Project details

Our objective is twofold

  1. To assess how runoff in the Amu Darya and Syr Darya Rivers will change in the future under a range of climate change scenarios.
  2.  To assist water resource managers with adaption strategies to changing runoff, we explore the impact of adopting efficient irrigation systems and changing crop patterns.

To address the first objective, we will develop a new glacio-hydrological model by coupling a glacier flow model to the Dynamic fluxEs and ConnectIvity for Predictions of HydRology (DECIPHeR). Tuyuksu glacier, in the Kazakh part of the Tien Shan, will be used as a case study to evaluate the performance of the new model.  This benchmark glacier has the longest continuous measurements of surface mass balance in central Asia, extending from the 1956 to the present day. Discharge rates from the Little Almatinka River downstream of the glacier will be used to validate the simulated runoff.  Meteorological observations, retreat rates and discharge measurements downstream of the glacier will be provided by the Institute of Geography, Al-Farabi Kazakh National University, Kazakhstan.

The model will be used to simulate discharge in the Amu Darya and Syr Darya for the future using PRECIS regional climate modelling data for Central Asia provided by collaborators at Nazarbayev University, Kazakhstan. We also apply the model to other glacier fed rivers systems in Central Asia such as the Chon Kemin and Ili Rivers. The Chon Kemin is a tributary of the important Chu River which provides Kyrgyzstan’s capital Bishkek with freshwater. The Ili River which runs from north western China into Kazakhstan terminates at Lake Balkhash. This is the 15th largest lake in the world and an important resource for Kazakhstan’s water supply, including the population of the capital Almaty.
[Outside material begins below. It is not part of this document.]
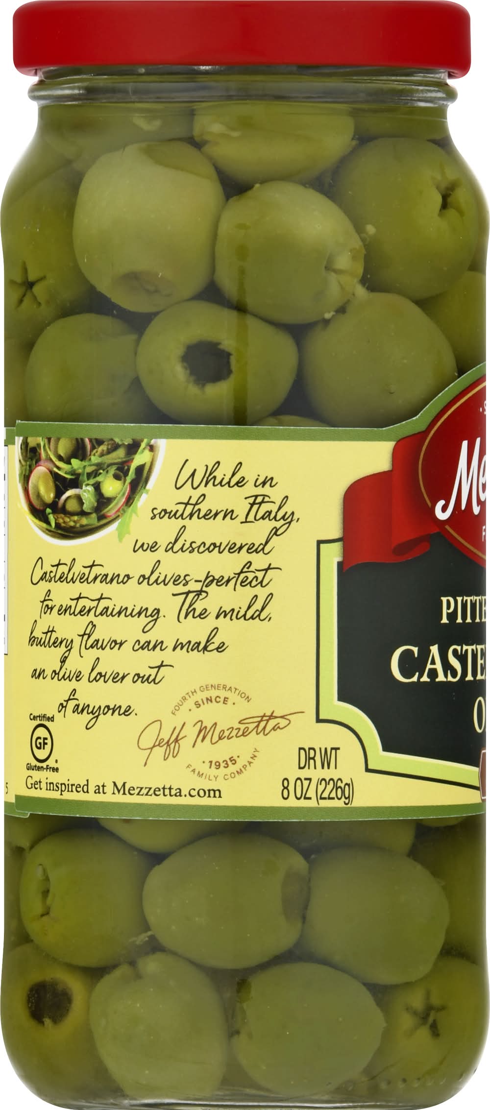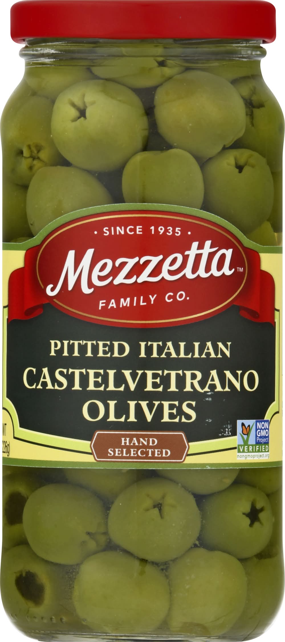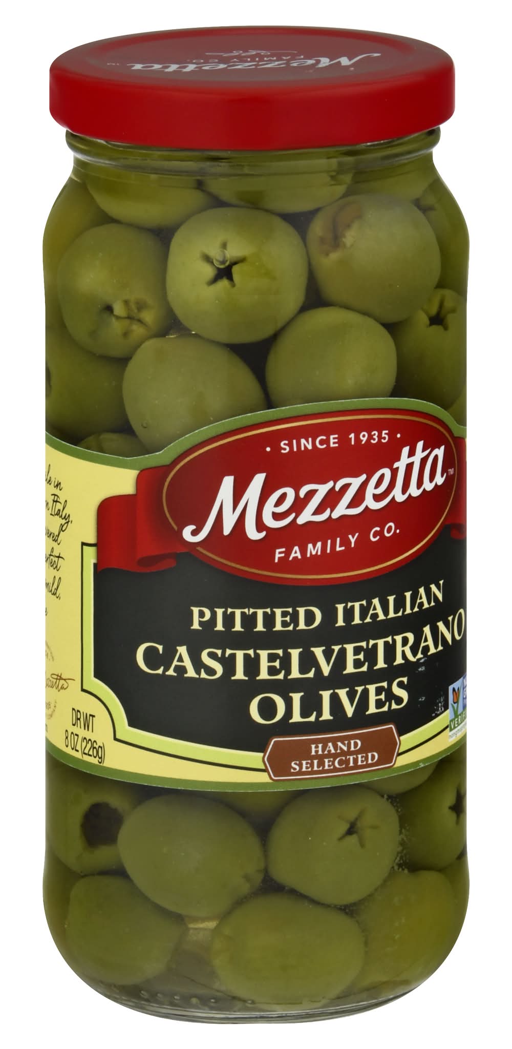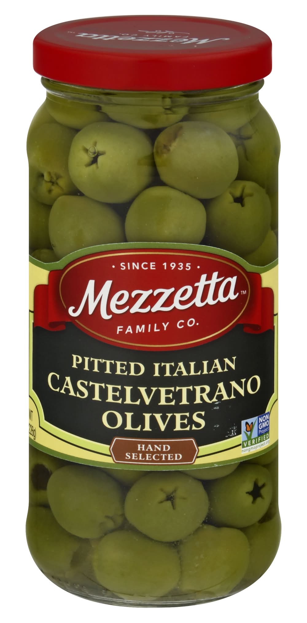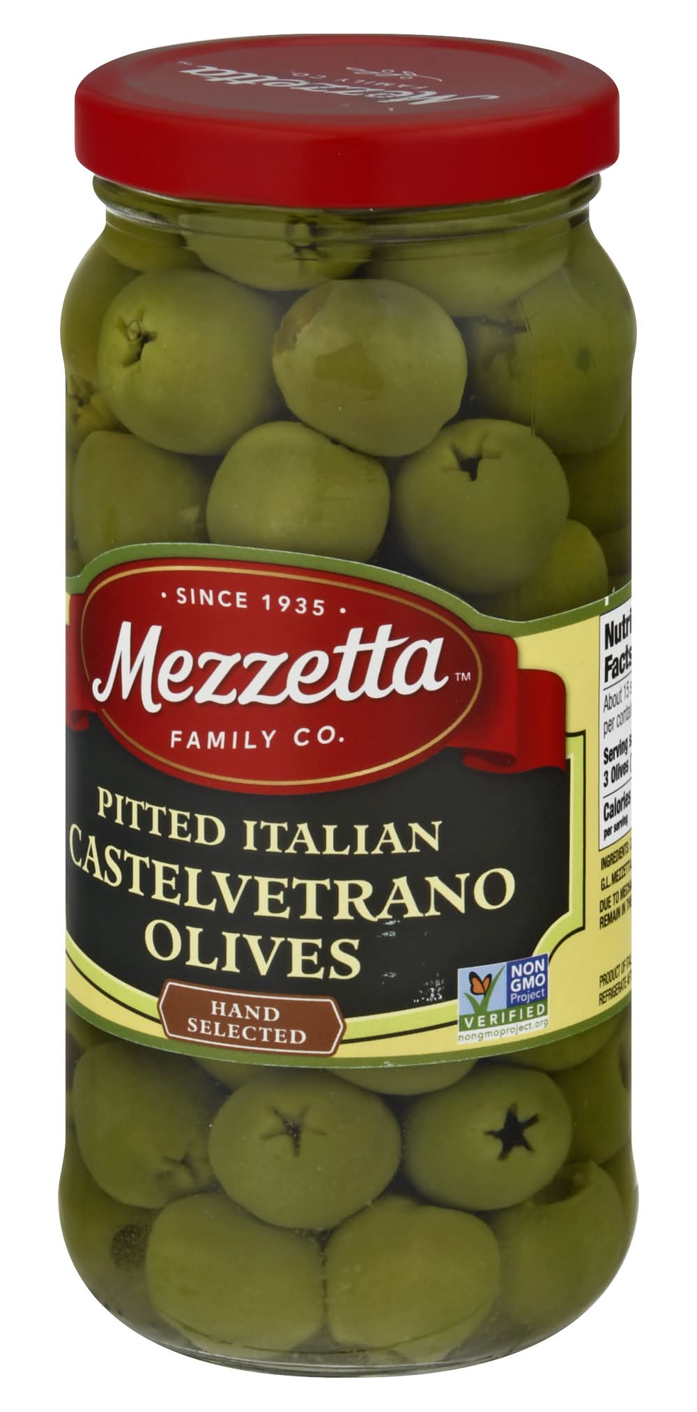 Hand selected. Certified Gluten-free. Non-GMO Project verified. nongmoproject.org. Since 1935. While in southern Italy, we discovered Castelvetrano olives - perfect for entertaining. The mild, buttery flavor can make an olive lover out of anyone. • Gl Mezzetta Inc, American Canyon , Napa Valley , CA , 94503 • Packaging: Reusable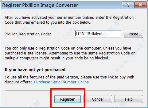 5、然后把注册码粘贴至注册码框中,单击Register注册;

We use the future runoff projections to test whether there is sufficient river discharge to sustain current irrigation practices and at what point in the future adaptation measures need to be considered. This leads to the second objective which is to test adaption options to reduced runoff. Several strategies to meet the water demand deficit are explored.   These include reducing the irrigated area and increasing reservoir capacity to store rain water in the winter.  We test the impact of replacing open channel irrigation with subsurface drip fed irrigation or overhead sprinkler irrigation. Reducing the water demand by planting different crops is also tested. For example, replacing cotton, which is water intensive to grow, with crops that are important for food security such as wheat, rice and legumes.